The facets not only provide a conceptual model for analyzing LBSM reactions, but also provide abstraction layers for added privacy protection by adjusting the granularity of the data (Löchner et al. 2018).

For the purpose of this work, the tweets obtained are the reactions r. Along with the tweets, Twitter provides the social, temporal, spatial and topical information (pr, tr, sr and ar respectively). The authors are looking to investigate the events e and to visualize the results with the help of the facets leading to the detected events.

3.2 Typicality

Typicality is derived from the adjective typical which describes the “state of being that is typical”. The formula was developed to combine two relative frequencies: one of a sub-dataset and the other of a total dataset (including the sub-dataset) of emojis or something similar (Hauthal et al. 2021). The typicality t is described by (Eq. 2 Definition of typicality)

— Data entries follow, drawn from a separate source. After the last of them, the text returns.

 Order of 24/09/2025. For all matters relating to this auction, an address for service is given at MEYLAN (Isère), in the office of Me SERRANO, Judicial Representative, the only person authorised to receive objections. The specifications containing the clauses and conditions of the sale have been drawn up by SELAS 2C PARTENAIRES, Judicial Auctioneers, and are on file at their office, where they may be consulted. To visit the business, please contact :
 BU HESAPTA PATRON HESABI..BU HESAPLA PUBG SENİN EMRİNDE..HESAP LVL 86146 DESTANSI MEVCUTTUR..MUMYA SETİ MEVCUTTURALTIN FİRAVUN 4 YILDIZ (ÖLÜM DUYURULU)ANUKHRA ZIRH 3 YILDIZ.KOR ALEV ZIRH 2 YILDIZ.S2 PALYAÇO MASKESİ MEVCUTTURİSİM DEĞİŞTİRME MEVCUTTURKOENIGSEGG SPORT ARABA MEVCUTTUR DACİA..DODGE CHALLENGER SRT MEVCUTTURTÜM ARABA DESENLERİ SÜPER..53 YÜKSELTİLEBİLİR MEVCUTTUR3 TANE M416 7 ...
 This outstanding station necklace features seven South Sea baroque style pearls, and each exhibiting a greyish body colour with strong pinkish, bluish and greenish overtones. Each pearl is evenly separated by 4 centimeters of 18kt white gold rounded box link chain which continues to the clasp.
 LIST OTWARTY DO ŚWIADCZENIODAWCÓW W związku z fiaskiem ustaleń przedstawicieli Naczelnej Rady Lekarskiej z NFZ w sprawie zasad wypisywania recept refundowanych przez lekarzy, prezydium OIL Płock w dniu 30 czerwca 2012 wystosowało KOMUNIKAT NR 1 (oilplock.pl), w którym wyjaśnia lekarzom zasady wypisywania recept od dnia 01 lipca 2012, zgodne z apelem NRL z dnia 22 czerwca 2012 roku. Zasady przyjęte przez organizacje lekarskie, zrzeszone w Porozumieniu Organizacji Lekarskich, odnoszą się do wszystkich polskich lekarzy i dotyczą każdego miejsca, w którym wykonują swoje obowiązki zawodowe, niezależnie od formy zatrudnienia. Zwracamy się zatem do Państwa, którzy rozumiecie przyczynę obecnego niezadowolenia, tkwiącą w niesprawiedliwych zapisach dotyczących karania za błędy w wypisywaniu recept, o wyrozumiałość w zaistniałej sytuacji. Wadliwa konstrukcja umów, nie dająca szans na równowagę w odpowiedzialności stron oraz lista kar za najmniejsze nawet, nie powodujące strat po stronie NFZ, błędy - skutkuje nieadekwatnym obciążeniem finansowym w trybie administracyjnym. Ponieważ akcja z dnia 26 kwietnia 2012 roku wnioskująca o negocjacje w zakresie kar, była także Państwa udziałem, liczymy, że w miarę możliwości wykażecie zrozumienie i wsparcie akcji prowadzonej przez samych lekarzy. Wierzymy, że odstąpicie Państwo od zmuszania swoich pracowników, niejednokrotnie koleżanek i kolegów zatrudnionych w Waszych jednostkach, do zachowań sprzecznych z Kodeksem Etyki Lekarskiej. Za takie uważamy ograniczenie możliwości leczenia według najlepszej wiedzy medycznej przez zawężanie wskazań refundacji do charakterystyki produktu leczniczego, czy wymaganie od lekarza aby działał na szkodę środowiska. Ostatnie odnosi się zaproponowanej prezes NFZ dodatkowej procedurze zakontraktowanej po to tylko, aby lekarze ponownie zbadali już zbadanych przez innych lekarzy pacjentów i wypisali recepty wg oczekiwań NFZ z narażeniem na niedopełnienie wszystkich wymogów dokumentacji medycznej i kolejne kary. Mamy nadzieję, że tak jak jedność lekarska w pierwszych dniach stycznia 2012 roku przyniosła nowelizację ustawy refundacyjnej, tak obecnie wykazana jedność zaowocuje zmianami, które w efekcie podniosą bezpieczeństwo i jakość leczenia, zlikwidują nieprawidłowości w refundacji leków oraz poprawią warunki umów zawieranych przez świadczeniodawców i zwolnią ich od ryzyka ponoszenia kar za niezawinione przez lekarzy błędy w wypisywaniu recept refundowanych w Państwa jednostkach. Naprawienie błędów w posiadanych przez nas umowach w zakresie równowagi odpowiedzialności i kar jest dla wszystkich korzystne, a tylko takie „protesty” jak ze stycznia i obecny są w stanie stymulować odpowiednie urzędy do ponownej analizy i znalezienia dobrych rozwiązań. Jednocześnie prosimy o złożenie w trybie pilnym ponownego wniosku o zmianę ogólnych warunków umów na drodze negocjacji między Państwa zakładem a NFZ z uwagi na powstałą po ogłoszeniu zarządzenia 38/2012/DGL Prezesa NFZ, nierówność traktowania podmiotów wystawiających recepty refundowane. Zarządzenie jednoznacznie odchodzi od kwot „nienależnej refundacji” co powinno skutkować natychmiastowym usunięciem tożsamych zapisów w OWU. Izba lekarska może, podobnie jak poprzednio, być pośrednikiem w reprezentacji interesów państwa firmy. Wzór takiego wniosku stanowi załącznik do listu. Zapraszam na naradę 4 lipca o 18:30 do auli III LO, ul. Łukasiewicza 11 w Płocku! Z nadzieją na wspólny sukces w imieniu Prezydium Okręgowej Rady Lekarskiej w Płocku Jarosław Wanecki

$$t = \frac{{f_{s} - f_{t} }}{{f_{t} }}$$
(2)

where, fs is the relative frequency of the sub-dataset and ft is the relative frequency of the total dataset. Both frequencies are calculated using (Eq. 3 Definition of relative frequency)

$$f = \frac{n}{N}$$
(3)

where n stands for the absolute number of a specific emoji or hashtag and N stands for the absolute number of all emojis or hashtags.

Typicality has either a positive (typical) value or a negative (atypical) value. Compared to other tests for measuring normalization and relative differences, typicality is rather straightforward and easy to comprehend. In addition to this, typicality also delivers more meaningful information because of the sub-dataset in use. The most frequent hashtag or emoji in a dataset, might not be the most typical in the partial dataset which could lead to further interpretations of their use.

3.3 HyperLogLog

The HyperLogLog (HLL) (Flajolet P. et al. 2007) is a solution for the count-distinct problem (Leskovec et al. 2020). The count distinct problem refers to the issue of calculating cardinality in a multiset (Cantor 1895). This multiset could represent anything from unique visitors on a website to motifs in a DNA sequence. HLL is a solution to this problem and is a probabilistic cardinality estimator. The algorithm is able to estimate cardinalities of dataset having more than 1010 elements with an error rate of 2%, using only 1.5 kB of memory (Flajolet P. et al. 2007). The functioning of this algorithm can be used for privacy preserving purposes of LBSM data.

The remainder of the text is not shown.